Several months ago, a group of Christians donated a percentage of their crops (?) to our shul to go to whomever wanted it. Apparently, they thought that if they gave a certain amount of their produce to the Jews, Hashem would smile on them. So, our community ended up with, among other things, a hundred or more pounds of dried cherries. YUM! But now I've used dried cherries in lots of things. They'll last nearly ad infinitum, but I finally thought to try out making them into jam. So...

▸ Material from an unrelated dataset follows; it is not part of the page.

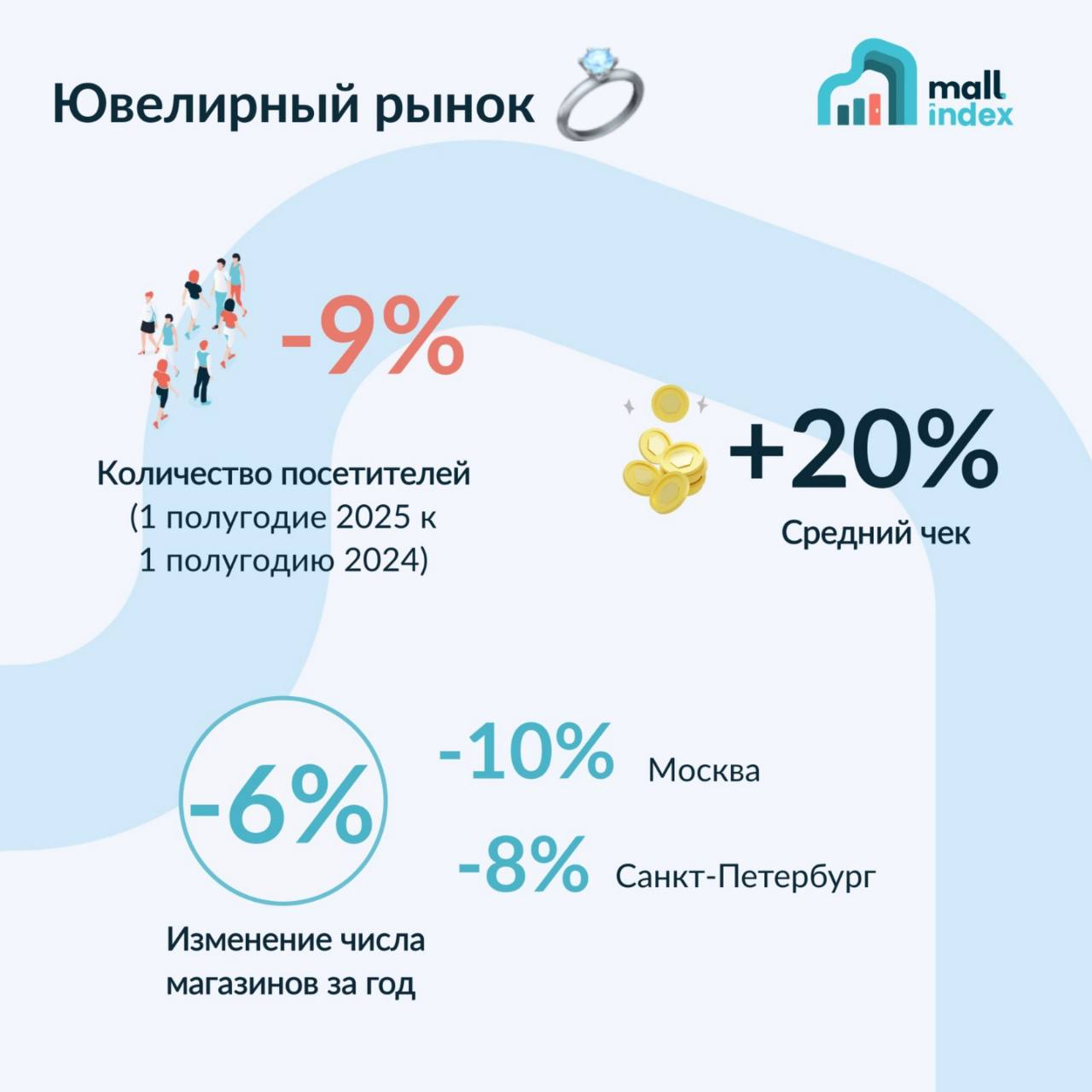 За последний год количество ювелирных магазинов по всей стране сократилось на 6%, и сейчас их осталось 15 365. В крупных городах этот тренд выражен еще сильнее: в Москве число торговых точек уменьшилось на 10%, а в Санкт-Петербурге — на 8%. Одновременно с этим, в первом полугодии 2025 года по сравнению с аналогичным периодом 2024 года, количество посетителей ювелирных магазинов упало на 9%.
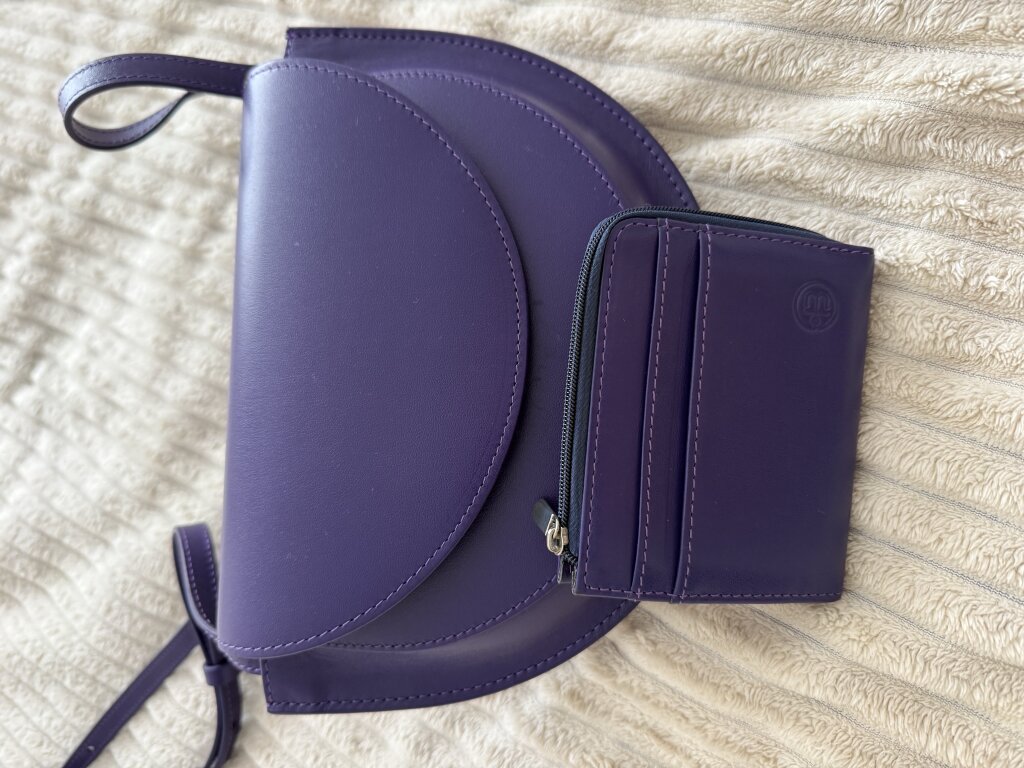 Мне очень понравился кошелечек, это то что я искала, чтобы по минимуму отделов легкий и мелкий, но при этом было место и для мелочи и для купюр, их много не носим сейчас, поэтому не хотелось большой.. цвет перпл коварный для фото — он уярчается, в шкафу больше похож, зато темно малиновый пиджак стал фуксией)) упаковка очень понравилась, надежная коробка такая презентабельная и пыльник добротный

I boiled them and let them sit in a covered pot for 24 hours. They re-plumped nicely. I drained off some of the juice (used some in a cherry-chocolate sorbet and the rest will be for a shabbos drink treat). I used this recipe:

3 lbs cherries
1/3 cup pectin (= 1 box)
1/4 cup lemon juice
5 c. sugar

You just combine the cherries (you can lightly chop the cherries in the food processor if you want; I did it both ways), pectin, and lemon juice and bring it to a hard boil. Add the sugar, and when it returns to a hard boil count down one minute and turn it off. You can it in a hot water bath if you want. I canned 8 quarts, and stashed the rest in the freezer to jam later. Should get another 8 quarts out of those cherries. I think I now have a lifetime supply of orange marmalade and cherry jam. I still have some spring strawberries in the freezer too!